*** EXERCISE MATERIAL ***
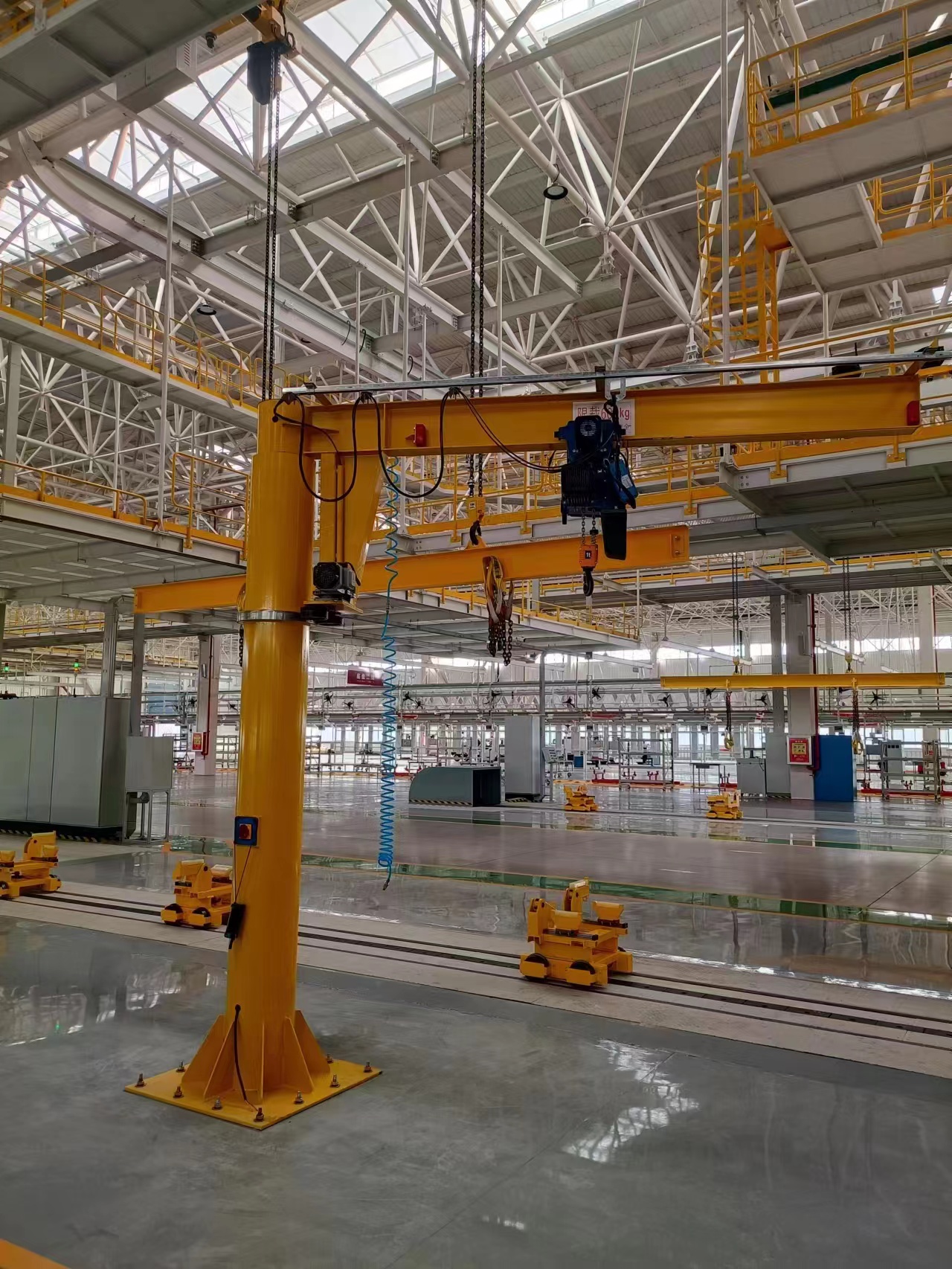 定柱式旋臂起重機配合了可靠性高的JPKK型環(huán)鏈電動葫蘆尤其適用于短距離,使用頻繁,密集性吊運作業(yè),具有、節(jié)能、省事、占地面積小,易于操作與維修等特點。環(huán)鏈電動葫蘆有起升和在橫梁上往返運行的功能,旋臂梁可由回轉(zhuǎn)裝置上的的減速機帶動滾輪進(jìn)行回轉(zhuǎn)運動,電器控制箱安裝在環(huán)鏈葫蘆上。
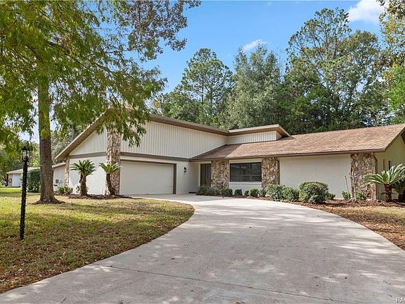 A fully updated Sugarmill Woods Gem! This home sits deep on a beautiful lot that allows for an extended winding driveway. The driveway leads to an oversize garage with a walk-out door. You will notice the home has just been fully repainted inside and out. A high-end renovation was just finished to make this home better than new. We have all new mechanicals including HVAC, water-tank, and electric panel. Roof with 30 yr shingles was done in 2010. The renovation included a new kitchen featuring Quartz countertops, new LVP tile throughout the home, new ceramic tile on the oversized lanai, and all-new fixtures, fans, etc., etc. This is not your average home, the lot, the extra touches such as the oversize garage, driveway, and lanai make it a real gem and one the new owner can enjoy for years to come thanks to the full custom professional renovation.
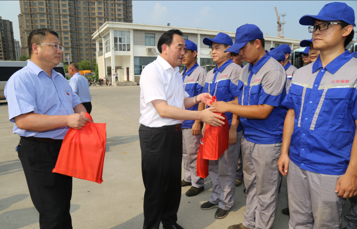 在烈日下的公交郭莊停車場,周鐵根書記看到堅守崗位的公交員工們汗流浹背,親切地上前與公交駕駛員、修理人員等一線員工一一握手?!按蠹倚量嗔?!感謝你們!”他對廣大公交員工為保障全市人民高溫天氣正常出行所付出的辛勤勞動表示充分肯定,又將洗發(fā)水、毛巾、肥皂等降暑物品,以及《安全生產(chǎn)知識職工普及讀本》等書一一送到公交員工手中,叮囑有關負責人,要多愛護、關心一線職工,切實做好防暑降溫措施,為公交員工創(chuàng)造好的工作條件,切實維護廣大職工的安康權(quán)益,確保高溫天里職工的身體健康和安全生產(chǎn),讓職工安全度夏、清涼度夏,真正感受到黨和政府的關懷、工會組織的關心和社會各界的關愛。他還關心地叮囑公交員工們要勞逸結(jié)合,做好高溫防護,保重身體,杜絕疲勞駕駛,確保安全行車,并希望大家更好地堅守崗位、服務群眾,為保障市民安全有序的出行環(huán)境,打造我市優(yōu)化營商環(huán)境、營造文明城市良好氛圍做出更大的貢獻。
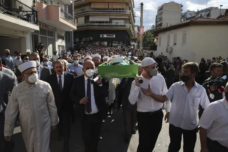 Mete'nin tabutu, binlerce Batı Trakyalı Türk'ün eşliğinde omuzlar üzerinde taşınarak 2007'den beri görev yaptığı İskeçe Müftülüğüne getirildi.
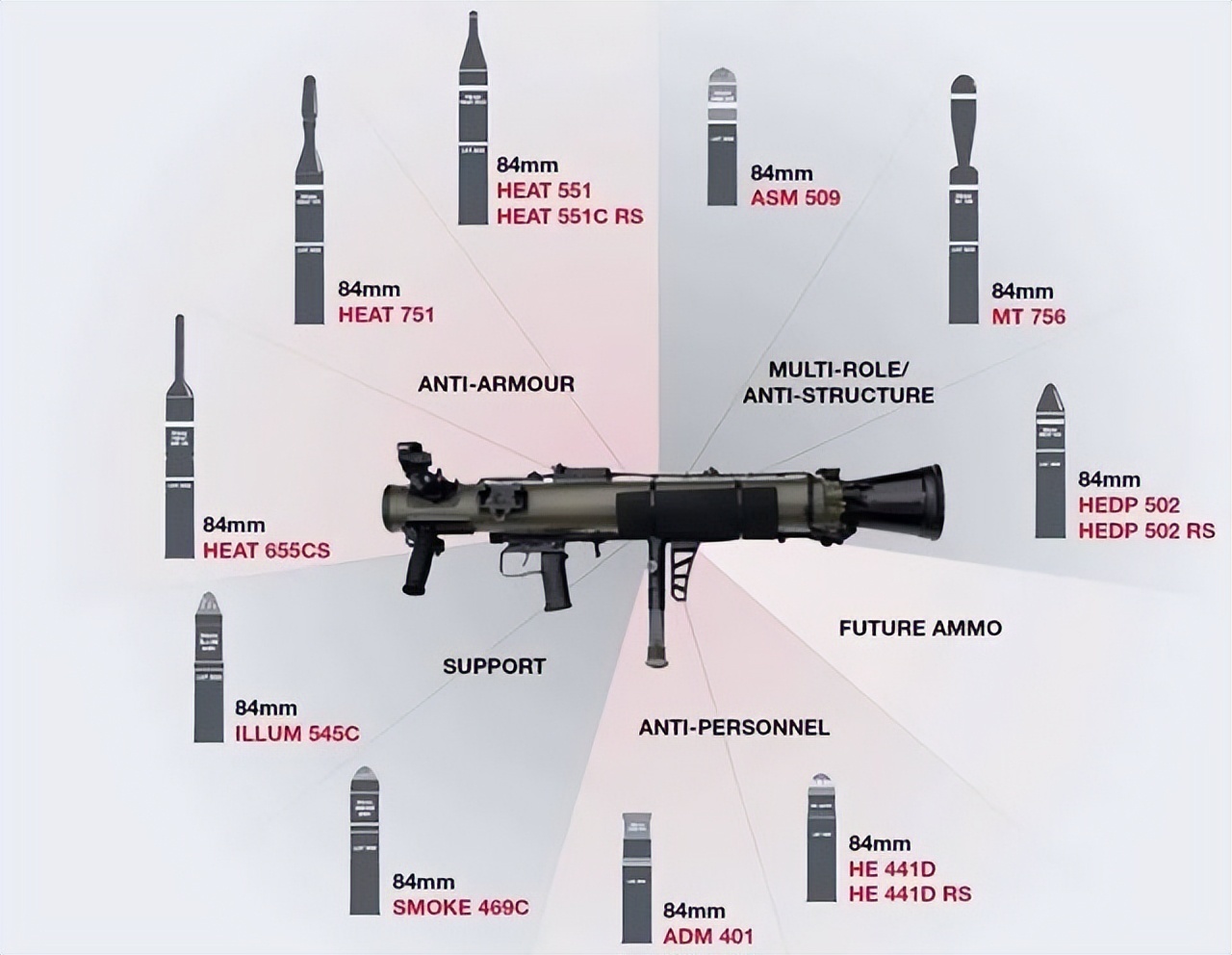 先不说主动防御系统,但就是反应装甲的大规模普及对采用聚能装药原理的单兵反坦克武器构成了很大挑战,老坦克加上一层反应装甲就能比较好的抵挡火箭筒的攻击 所以很早以前就有人提出用类似瑞典古斯塔夫无后坐力炮,专门攻坚,反坦克任务交给红箭系列就行。
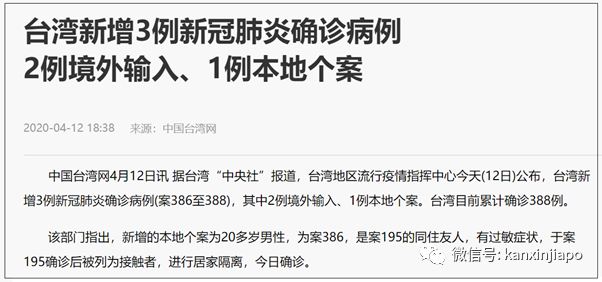 台湾地区流行疫情指挥中心5月31日举行记者会通报,连续49天无本土确诊病例。 换句话说,台湾自4月13日起无新增本土病例,维持在55起,从4月13日至10月22日,已有192天。 这是4月12日通报的本土病例:
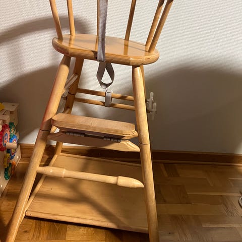 Høj træ Børnestol fra Hyllinge møbler, med hynde, kan slå ned som bord og stol, er med hjul så når den er slået ned kan den kører.
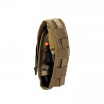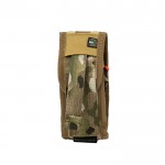 Воинам на передовой лучше всего иметь несколько турникетов – желательно минимум по одному возле верхних и нижних конечностей. Советуем среди прочих иметь хотя бы один закрытый подсумок для кровоостанавливающего жгута на случай неблагоприятных погодных условий. Наш подсумок разработан таким образом, чтобы предоставлять быстрый доступ к турникету и при этом значительно уменьшать влияние на него неблагоприятных факторов окружающей среды. Особенности изделия В отличие от первого поколения наших турникетных подсумков эта модель почти полностью закрывает турникет и в то же время благодаря велкро-застежке не требует особых усилий для его доставания в экстренных условиях. Подсумок открывается дважды: первый раз клапаном с «язычком», который фиксируется на липучку и прячется в эластичный кармашек; второй – еще одним клапаном с липучкой. Это звучит сложно, но на самом деле конструкция очень простая и удобная. Внутри на двух краях зеркально помещены два кармана, которые позволяют уложить турникет в развернутом виде. При извлечении он сразу готов к использованию – если был правильно сложен. На одном из карманов нашиты резинки-фиксаторы для маркера и небольших ножниц. Вертикально крепится на систему MOLLE одной стропой. Есть возможность повесить горизонтально на ремень до 50 мм, продев его через ячейки MOLLE. Поэтому последняя ячейка двойная – чтобы было куда спрятать хлястик. Технические характеристики Материал: Cordura 1000D. Стропа: полиамид, 2,5; 5 см. Липучка: Velcro. Размеры пустого подсумка: 18×7,5×2,5 см. Длина подсумка в развернутом виде: 47 см. Вес: 120 г.Основные характеристики Подсумок под турникет закрытого типа (Мультикам)
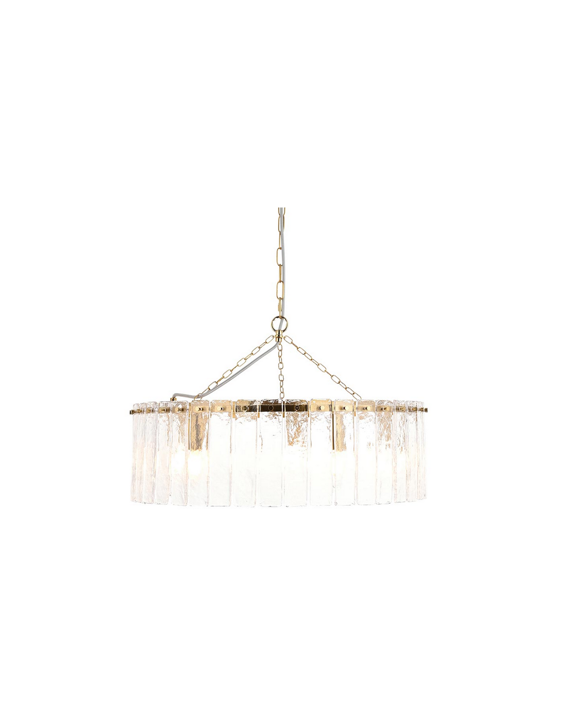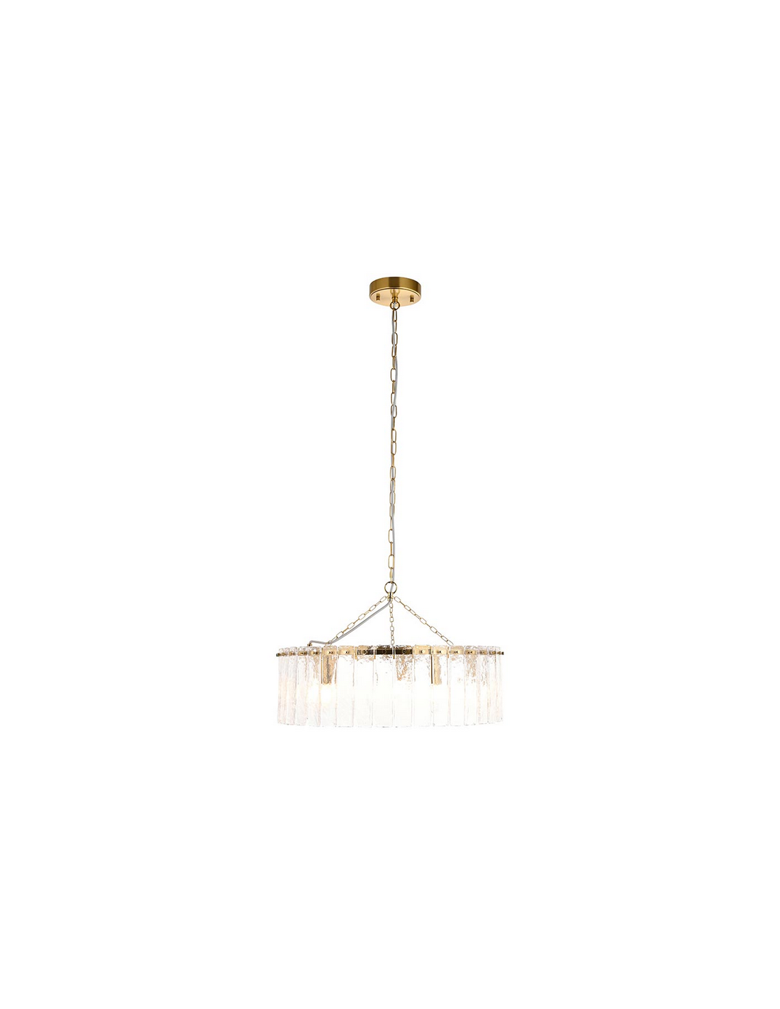 KARINE Lysekrone udført i et luksuriøst design af børstet messinglakeret stål og med skærm i klart tekstureret glas. Lysekronen måler 55 cm i diameter og anvender 5 x E14 lyskilder (ekskl.).
*** End of EXERCISE MATERIAL ***
YOUR ASSIGNMENT: From the records above, copy only the lines running from the line holding "先不说主动防御系统,但就是反" through the line holding "Høj træ Børnestol", with no pictures.

RESULT OF THIS EXERCISE:
 先不说主动防御系统,但就是反应装甲的大规模普及对采用聚能装药原理的单兵反坦克武器构成了很大挑战,老坦克加上一层反应装甲就能比较好的抵挡火箭筒的攻击 所以很早以前就有人提出用类似瑞典古斯塔夫无后坐力炮,专门攻坚,反坦克任务交给红箭系列就行。
 台湾地区流行疫情指挥中心5月31日举行记者会通报,连续49天无本土确诊病例。 换句话说,台湾自4月13日起无新增本土病例,维持在55起,从4月13日至10月22日,已有192天。 这是4月12日通报的本土病例:
 Høj træ Børnestol fra Hyllinge møbler, med hynde, kan slå ned som bord og stol, er med hjul så når den er slået ned kan den kører.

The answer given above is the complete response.